Whether it’s a relationship with our parents or peers that we don’t feel is right or a recognition that we feel we deserve in the form of a promotion, there is almost always at least one specific cause of burnout that can be tackled.  So, the courage we need isn’t to say some magical, anti-burnout chant.  The courage we need is to break through some barrier that we feel exists in our world and in our capabilities.

Invisible Walls

It seems silly now, but in early 1954, everyone believed that no human could possibly run a mile in less than 4 minutes.  There were many who had tried, but in the eight years since someone ran their 4:01 time, no one could best the record.  Somehow, everyone had become convinced that a man who ran a mile in less than four minutes would keel over dead.  That is, until one man did it, Roger Bannister, and then he was followed by dozens more.  All it took was for one man to run the mile in less than four minutes and then suddenly (in evolutionary terms) everyone was doing it.
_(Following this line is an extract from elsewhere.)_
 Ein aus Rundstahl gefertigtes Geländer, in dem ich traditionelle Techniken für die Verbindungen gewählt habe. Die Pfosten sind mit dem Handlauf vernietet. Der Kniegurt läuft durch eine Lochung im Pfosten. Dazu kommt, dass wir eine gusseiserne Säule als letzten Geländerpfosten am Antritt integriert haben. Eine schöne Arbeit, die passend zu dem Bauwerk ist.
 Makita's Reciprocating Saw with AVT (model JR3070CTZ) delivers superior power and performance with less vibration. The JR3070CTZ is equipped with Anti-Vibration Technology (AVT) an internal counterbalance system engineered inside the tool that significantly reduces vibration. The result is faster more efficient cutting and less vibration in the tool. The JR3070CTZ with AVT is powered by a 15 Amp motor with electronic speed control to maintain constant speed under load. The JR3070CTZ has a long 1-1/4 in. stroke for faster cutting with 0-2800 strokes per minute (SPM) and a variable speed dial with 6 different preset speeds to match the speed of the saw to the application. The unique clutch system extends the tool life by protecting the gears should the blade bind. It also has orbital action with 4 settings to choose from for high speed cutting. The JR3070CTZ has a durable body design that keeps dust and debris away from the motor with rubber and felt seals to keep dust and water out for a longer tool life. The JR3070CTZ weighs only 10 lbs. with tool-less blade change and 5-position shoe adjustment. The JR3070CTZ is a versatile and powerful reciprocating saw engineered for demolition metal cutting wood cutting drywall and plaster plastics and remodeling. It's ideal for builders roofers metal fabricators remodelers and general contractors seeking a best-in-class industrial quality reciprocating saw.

What happened was an invisible wall.  It was a wall that prevented runners from breaking the 4:01 record for just shy of a decade.  It wasn’t a result of human physiology but instead a result of human psychology.

Searching with Sonar

With courage at the ready, we escape burnout by finding those hidden barriers that we don’t even realize are there.  With friends, we ping ideas about how to get unstuck and how to use our courage to demonstrate our efficacy.  Our friends may even respond with ideas that would have never occurred to us alone, creating the opportunity for us to step into that space and attempt ideas we would have never thought of.

When we leverage others’ perspectives, we can sometimes get a different sounding of the hidden barriers that are blocking us.  Then all we need to do is apply our courage in that direction to push through the wall that we didn’t realize was blocking us.  Eventually, with enough attempts, we’ll find a way to move forward instead of feeling stuck in burnout.